В этих энциклопедических сведениях отсутствует оценка. Дадим её сразу. Симонов – выдающийся советский писатель и такой же общественный деятель. Как человек, писавший минувшую самую страшную в истории цивилизации войну, он вообще не имеет себе ровни в нашей стране, а, пожалуй, что и во всём мире. И по количеству, и по качеству, и по разнообразию написанного. Можно смело говорить и о другой оценке этого писателя. Капитализм за полтысячи лет существования выпестовал своего лучшего военного соловья Редьярда Киплинга. Социализм за пару десятилетий сделал то же самое, явив нам Симонова. Который по многим позициям капитально превзошёл Киплинга. Если у последнего высшее лирическое достижение: «Мохнатый шмель - на душистый хмель». То высота и пронзительность симоновской лирики – планетарная, почти что звёздно-космическая: «Жди меня, и я вернусь, / Всем смертям назло». Даже если бы Симонов не написал ничего более кроме этого стиха – его имя осталось бы в отечественной поэзии навечно. По счастью Константин Михайлович одарил нас ещё многими романами, пьесами, киносценариями, поэмами, сборниками интимной и гражданской лирики, публицистикой высочайшего психологического и нравственного накала.
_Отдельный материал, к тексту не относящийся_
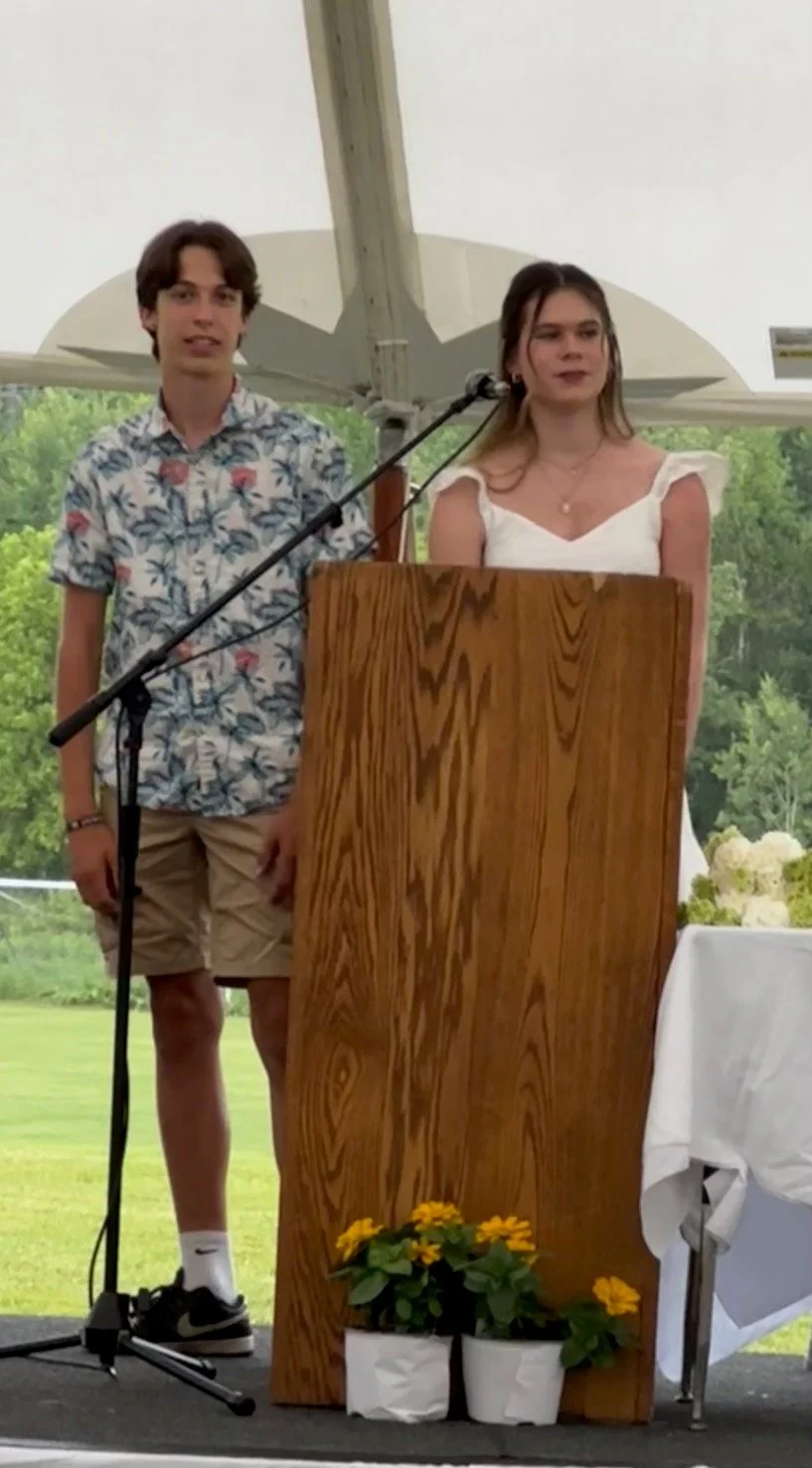 Eighth-grader Charlie Reichert reminisced on each of his four years at Crossett Brook, from wearing masks as fifth graders in the pandemic to his class eventually getting to go on field trips and becoming the school’s role models by eighth grade. Transitions along the way included teachers leaving and joining the school staff, and new principals. “At the end of the [seventh grade] school year, we got some sad news – we learned that our principal Mr. Drake was leaving our school. But we will not forget what an awesome three years he led us through.”

Симонов, далее, гораздо глубже, всестороннее Киплинга изучил, описал войну, как высшее и трагическое испытание человека. Просто потому, что она ему досталась не в пример страшнее и масштабнее, нежели британцу. И не одна. Константин Михайлович участвовал в боях на Халхин-Голе. Великую Отечественную прошёл от звонка до звонка, побывав на всех её фронтах! На всех! Буквально! С нашими солдатами он протопал по землям Румынии, Болгарии, Югославии, Польши и Германии. Был свидетелем последних боёв за Берлин. В послевоенные годы он побывал в воюющих Китае, Корее, Вьетнаме. В мире нет журналиста, писателя, который мог бы похвастаться хотя бы половиной увиденного на войне и описанного Симоновым. Это я к тому, что по зрелому размышлению, нобелевский комитет должен был и Константину Михайловичу присудить свою литературную премию, как это сделал с Киплингом. Не случилось, как читатель понимает, исключительно по идеологическим соображениям, по которым всегда действует вышеуказанный комитет. Зато Симонов имел шесть Сталинских и Ленинскую премию. Тоже никем не побитый рекорд.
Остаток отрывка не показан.